Upon induction of anesthesia, the animal was fixed in a Kopf stereotaxic frame for injection of virus and implantation of tetrodes. Holes were drilled in the skull above the right MEC. During the first part of the surgery, before the tetrodes were inserted, a 10 μL NanoFil syringe (World Precision Instruments, Sarasota, Florida, USA) and a 33-gauge beveled metal needle were used to inject virus i in MEC (0.4-0.35 mm anterior of the transverse sinus, 3.2-3.5 mm from midline, 1.2 mm below dura for dorsal injections). Injection volume (0.5 to 1 μL at each location) and flow rate (0.1 μl/min) were controlled with a Micro4 Microsyringe Pump Controller (World Precision Instruments). After injection, the needle was left in place for 10 min before it was withdrawn slowly.
During the second part of the surgery, each mouse was implanted with a Neuralynx VersaDrive-4 microdrive, connected to 4 tetrodes. The tetrodes were made of 17 μm polyimide-coated platinum-iridium (90% - 10%) wire. The electrode tips were plated with platinum to reduce electrode impedances to around 100-250 kΩ at 1 Hz. The tetrodes were inserted 0.35-0.40 mm anterior of the transverse sinus, 3.2-3.5 mm lateral to the midline in the right hemisphere, and 0.8-1.2 mm below dura, at a 5 degree angle in the sagittal plane, with electrode tips pointing in the posterior direction. The microdrives were secured to the skull with jewellers’ screws and dental cement. Two front screws were connected to ground.
Electrode turning and recording procedures
Turning of tetrodes started 2 to 3 days after the surgery. Data collection began within 3 weeks. Testing of control animals was interleaved with testing of experimental animals.
Before each recording trial, the mouse rested on a towel in a large flower pot on a pedestal. The mouse was connected to the recording equipment via AC-coupled unity-gain operational amplifiers close to the head and a counterbalanced cable that allowed the animal to move freely. Over the course of 20 to 60 days, the tetrodes were lowered in steps of 50 μm or less, until well-separated single neurons could be recorded. When the signal amplitudes exceeded four times the noise level (20 to 30 μV), and single units were stable for more than 1 hr, data were collected.
Recorded signals were amplified 8000 to 25,000 times and band-pass filtered between 0.8 and 6.7 kHz. Triggered spikes were stored to disk at 48 kHz (50 samples per waveform, 8 bits/sample) with a 32-bit time stamp (clock rate at 96 kHz). Electroencephalograms (EEG) were recorded single-ended from one of the electrodes. The local field potential was amplified 3000 to 10,000 times, low pass–filtered at 500 Hz, sampled at 4800 Hz, and stored with the unit data. Through a video camera, the recording system obtained the position of two light-emitting diodes (LEDs) on the headstage of the mouse. The LEDs were tracked individually at a rate of 50 Hz. The two LEDs were separated by 4 cm and aligned with the body axis of the mice.
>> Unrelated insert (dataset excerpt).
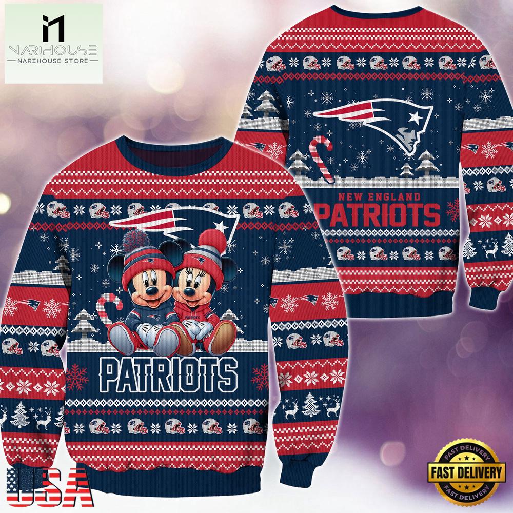 NFL New England Patriots Mickey Minnie New Design 2025 Ugly Xmas Sweater is a Christmas sweater with funny, humorous, and quirky patterns. It will be a meaningful gift for you to show your love and care for your loved ones.

Over the course of 3 to 6 weeks following surgery, the mice were first trained to run in a 1 m square black aluminum enclosure polarized by a white cue card. In mice with putative border cells, these trials were occasionally succeeded by a test in the same box with a 50 cm long and 50 cm high wall insert in the center of the box (Figure S6). In hM4d-expressing mice, the recordings were followed by i.p. injection of 2 mg/kg of clozapine-N-oxide (CNO, Sigma). One SOM-Cre mouse received a higher dose of 4 mg/kg on multiple occasions with different cell samples. Thirty minutes after injection, the mice ran another trial in the open box. A final box trial was conducted 12 hr after the injection. Trials were 15 min each. Running was motivated by scattering crumbs of chocolate at random locations in the box at 10-to-15 s intervals.
Histological procedures and electrode positions
The mice received an overdose of pentobarbital and were subsequently perfused intracardially with saline followed by either 4% formaldehyde or 4% freshly depolymerized paraformaldehyde in phosphate buffer (PFA). The brains were extracted and stored in the same fixative, and frozen sagittal sections (10 μm) were cut on a cryostat. Every 10th section was stained with cresyl violet. In the infected and implanted part of MEC, all sections were collected. Tetrodes were identified and the tip of each electrode was found by comparison with adjacent sections.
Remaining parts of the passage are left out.